Top of Supplied data

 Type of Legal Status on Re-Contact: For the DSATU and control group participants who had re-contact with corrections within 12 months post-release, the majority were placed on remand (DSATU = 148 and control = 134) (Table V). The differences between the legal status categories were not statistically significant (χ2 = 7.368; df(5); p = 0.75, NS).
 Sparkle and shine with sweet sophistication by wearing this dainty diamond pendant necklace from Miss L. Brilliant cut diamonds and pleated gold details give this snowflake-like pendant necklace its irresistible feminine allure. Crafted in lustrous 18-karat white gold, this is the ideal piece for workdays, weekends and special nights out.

Bottom of Supplied data
Top of Supplied data

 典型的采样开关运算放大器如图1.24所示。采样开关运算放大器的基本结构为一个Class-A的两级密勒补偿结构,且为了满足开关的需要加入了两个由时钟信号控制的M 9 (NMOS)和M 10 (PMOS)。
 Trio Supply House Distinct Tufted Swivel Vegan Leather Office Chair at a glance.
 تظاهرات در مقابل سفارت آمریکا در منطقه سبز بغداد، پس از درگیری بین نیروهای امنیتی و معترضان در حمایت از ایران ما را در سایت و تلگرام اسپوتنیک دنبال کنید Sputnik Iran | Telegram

Bottom of Supplied data

Would you retype exactly the lines above, from the line with "Trio Supply House" to the line with "تظاهرات در مقابل", with both end lines kept and nothing more?

 Trio Supply House Distinct Tufted Swivel Vegan Leather Office Chair at a glance.
 تظاهرات در مقابل سفارت آمریکا در منطقه سبز بغداد، پس از درگیری بین نیروهای امنیتی و معترضان در حمایت از ایران ما را در سایت و تلگرام اسپوتنیک دنبال کنید Sputnik Iran | Telegram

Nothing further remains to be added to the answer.